The tapered section of the shim stack is often referred to as the high speed stack. The notion of the high speed stack controlling high speed damping is a widely spread myth.
A tapered stack, straight stack or stiff high speed stack all produce the same damping force curve.
Changing the clamp diameter or high speed stack stiffness clearly changes the damping force. But, it does not change the shape of the damping force curve or the split between low and high speed damping.
Tapered stacks smooth bend radius
Shock absorbers use tapered shim stacks to supply more support at the shim center and smooth the bend radius on the sharp corner of the shim stack clamp or crossover shim. at the shim stack clamp.
Smoothing the bend radius helps to avoid overstressing the shims which can become permanently bent when pushed beyond the yield strength.
Crossover shim stacks
Crossover shim stacks are the special case where the high speed stack makes a difference. Face shims control low speed damping and the combined high speed stack plus face shim stiffness control high speed damping.

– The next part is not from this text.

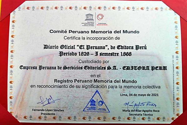 Se trata del Certificado de Incorporación del Corpus Documental Diario Oficial El Peruano de Editora Perú Período 1826- I semestre 1868 a ser incorporado en el Registro Peruano Memoria del Mundo-Unesco.

For the straight and stiff high speed stack example above, installing a 20.15 mm crossover shows each stack produces a different damping force curve due to the differences in high speed stack stiffness.
Crossover tuning
However, the crossover diameter in each configurations can be retuned to show the damping force is about the same for all three setups despite the differences in high speed stack stiffness.
The example demonstrates there are often multiple shim stack configurations producing nearly identical damping force curves. The final configuration used is often simply based on the shims on hand at the time the shock was setup.